→ **Assignment**
Make an exact copy of the data below, leaving out every picture.

→ **Data**
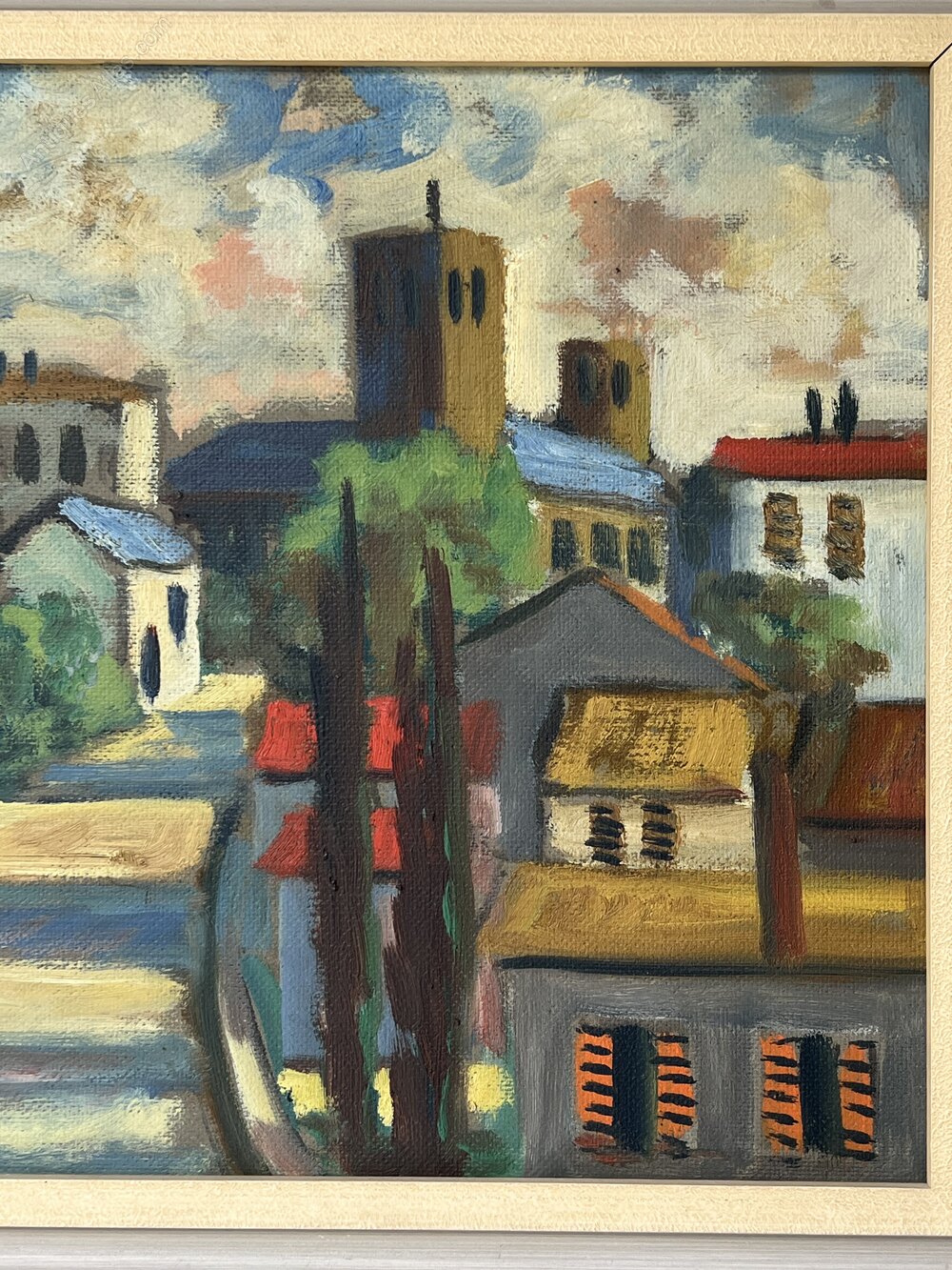 Using strong colour and vivid brushwork the artist evokes a typical French village landscape.
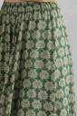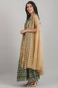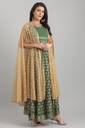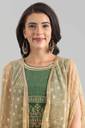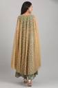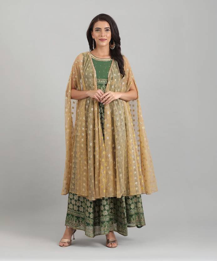 This set has a green round neck embellished top, printed skirt and shimmery gilet.
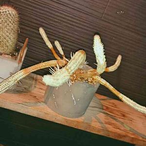 うちのロッキーこと白樺キリン。ほとんど直角に曲がった状態で鉢の縁に頭がついてたのですが、GS先輩のアドバイス通りに植え替えして水をザバーってあげたら、2段階前の角度まで回復しました‼️👯👯 この療法で、あともう2段階巻戻したいところ。
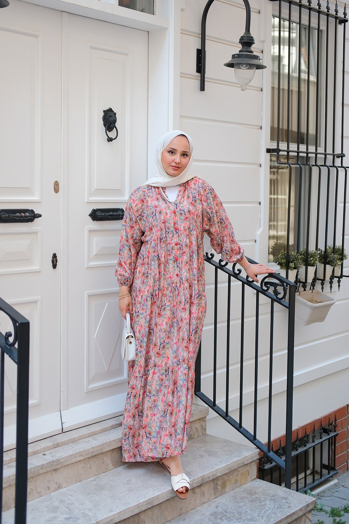 Çiçek Desenli Elbise Somon
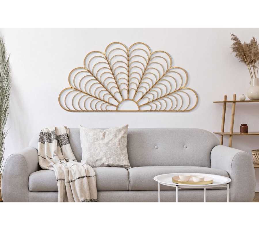 Dizajnová nástenná dekorácia Pavone v tvare polovičného kvetu prinesie do interiéru eleganciu a jemnosť art deco štýlu. Táto dekorácia je vyrobená z kovu v zlatej farbe s lesklým povrchom, ktorý odráža svetlo a dodáva priestoru luxusný nádych.
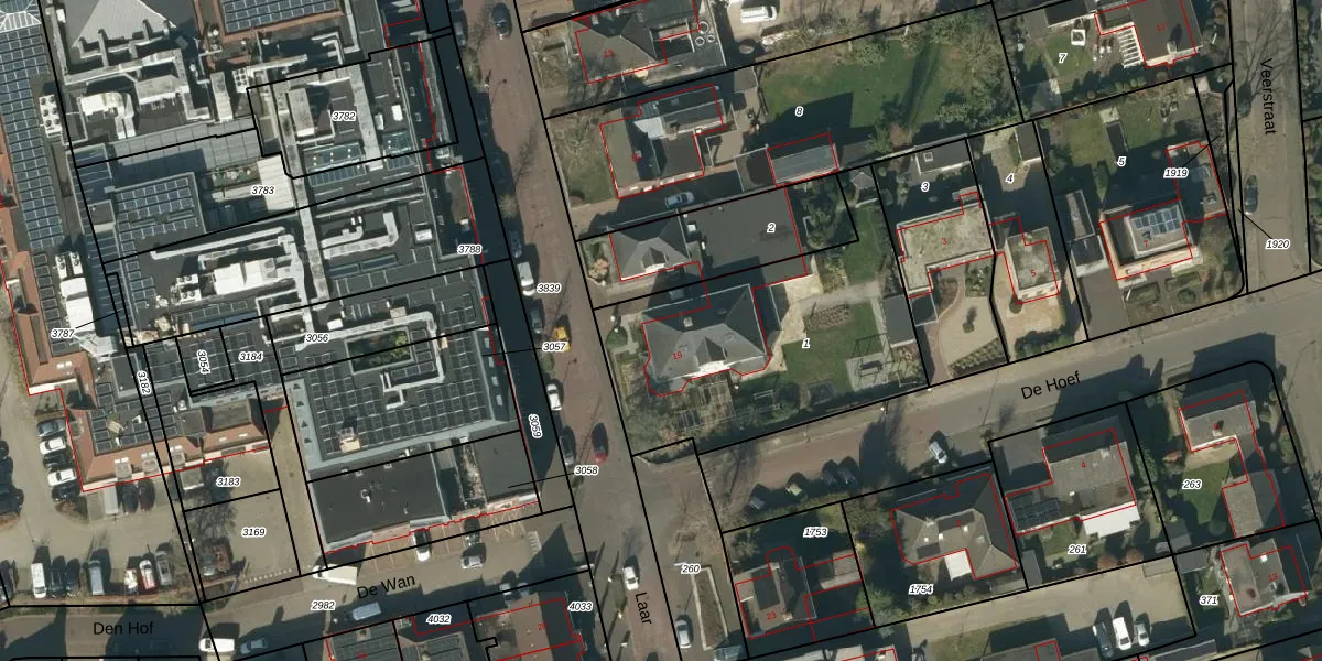 Het perceel waarop Laar 19 staat heeft een oppervlakte van 1180 m². Dit is een zeer groot perceel. De perceeloppervlakte wordt geregistreerd door het Kadaster. Gedetailleerde informatie over de maten van dit perceel kunt u vinden in het rapport Kadastrale kaart met maatvoering van Laar 19.
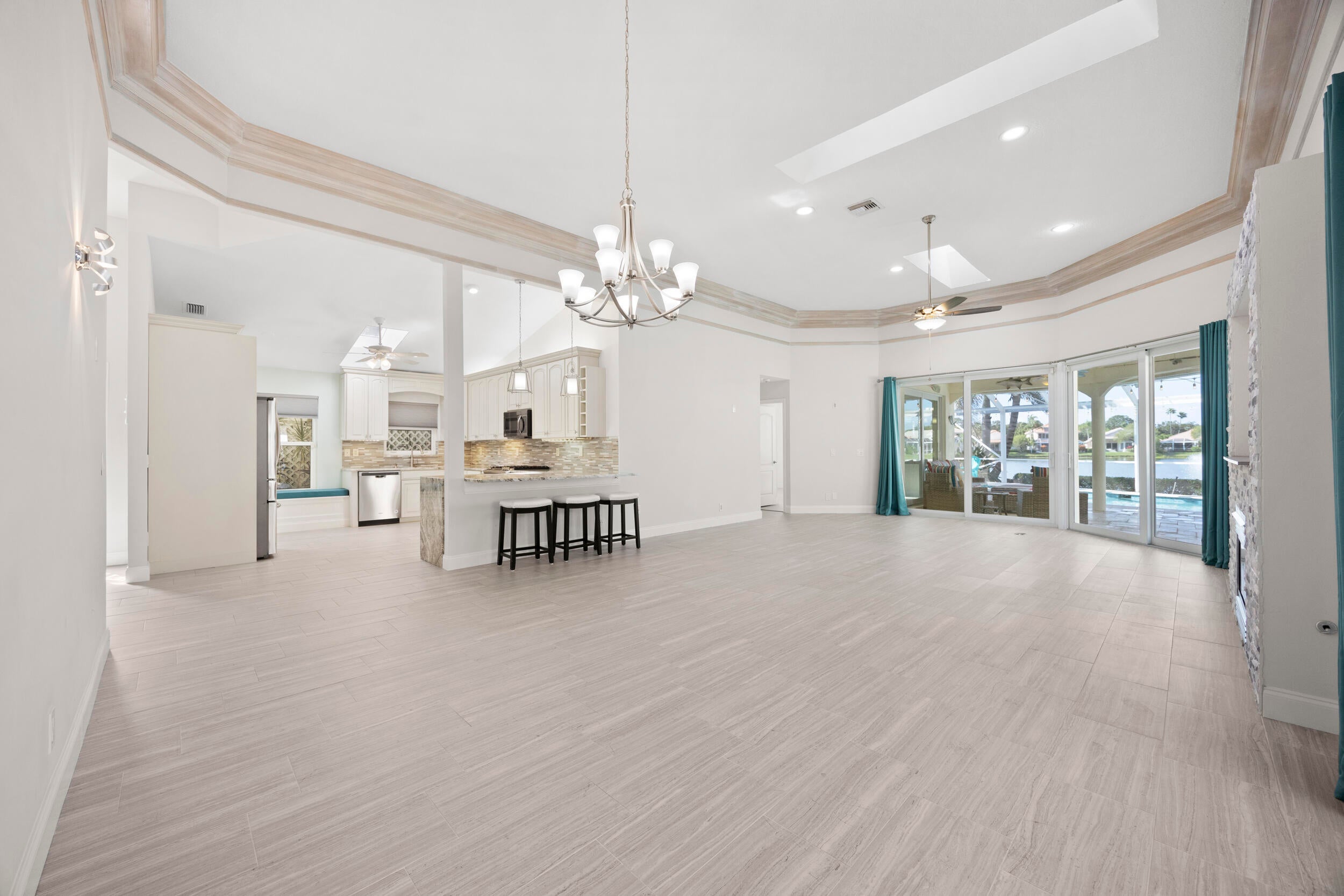 Motivated Seller! Wake up to breathtaking shimmering lake views, glowing sunsets, and the peaceful rhythm of nature in this beautifully maintained single-story 3-bedroom home in Eagleton Lakes at PGA National. Perfectly positioned to capture expansive water vistas, this residence offers an exceptional blend of elegance, comfort, and relaxed Florida living.The bright, airy interior is filled with natural light from the desirable northwest exposure, highlighting soaring ceilings, custom crown molding, and a striking stacked-stone fireplace with built-in TV that serves as a warm and inviting focal point. READ MORE..The open-concept kitchen features granite countertops, stainless steel appliances, and seamless flow into the living and dining areas are ideal for both everyday living and entertaining. The true showpiece is the backyard oasis. Sweeping lake views framed by a stunning fountain and abundant wildlife create a tranquil, ever-changing backdrop. A covered and screened lanai overlooks an expansive travertine deck, heated pool, and spa--perfect for peaceful mornings, sun-filled afternoons, and unforgettable evenings under the stars. Impact glass and natural gas enhance comfort, efficiency, and peace of mind. Located within Eagleton, a private 24/7 guard-gated enclave, residents have the opportunity to enjoy optional membership to PGA National's world-class golf, tennis, resort-style amenities, and vibrant social scene. Ideally situated near beaches, shopping, and dining, this property offers the ultimate balance of luxury, privacy, and convenience in one of Palm Beach County's most desirable communities.

→ **Solution for this exercise**
 Using strong colour and vivid brushwork the artist evokes a typical French village landscape.
 This set has a green round neck embellished top, printed skirt and shimmery gilet.
 うちのロッキーこと白樺キリン。ほとんど直角に曲がった状態で鉢の縁に頭がついてたのですが、GS先輩のアドバイス通りに植え替えして水をザバーってあげたら、2段階前の角度まで回復しました‼️👯👯 この療法で、あともう2段階巻戻したいところ。
 Çiçek Desenli Elbise Somon
 Dizajnová nástenná dekorácia Pavone v tvare polovičného kvetu prinesie do interiéru eleganciu a jemnosť art deco štýlu. Táto dekorácia je vyrobená z kovu v zlatej farbe s lesklým povrchom, ktorý odráža svetlo a dodáva priestoru luxusný nádych.
 Het perceel waarop Laar 19 staat heeft een oppervlakte van 1180 m². Dit is een zeer groot perceel. De perceeloppervlakte wordt geregistreerd door het Kadaster. Gedetailleerde informatie over de maten van dit perceel kunt u vinden in het rapport Kadastrale kaart met maatvoering van Laar 19.
 Motivated Seller! Wake up to breathtaking shimmering lake views, glowing sunsets, and the peaceful rhythm of nature in this beautifully maintained single-story 3-bedroom home in Eagleton Lakes at PGA National. Perfectly positioned to capture expansive water vistas, this residence offers an exceptional blend of elegance, comfort, and relaxed Florida living.The bright, airy interior is filled with natural light from the desirable northwest exposure, highlighting soaring ceilings, custom crown molding, and a striking stacked-stone fireplace with built-in TV that serves as a warm and inviting focal point. READ MORE..The open-concept kitchen features granite countertops, stainless steel appliances, and seamless flow into the living and dining areas are ideal for both everyday living and entertaining. The true showpiece is the backyard oasis. Sweeping lake views framed by a stunning fountain and abundant wildlife create a tranquil, ever-changing backdrop. A covered and screened lanai overlooks an expansive travertine deck, heated pool, and spa--perfect for peaceful mornings, sun-filled afternoons, and unforgettable evenings under the stars. Impact glass and natural gas enhance comfort, efficiency, and peace of mind. Located within Eagleton, a private 24/7 guard-gated enclave, residents have the opportunity to enjoy optional membership to PGA National's world-class golf, tennis, resort-style amenities, and vibrant social scene. Ideally situated near beaches, shopping, and dining, this property offers the ultimate balance of luxury, privacy, and convenience in one of Palm Beach County's most desirable communities.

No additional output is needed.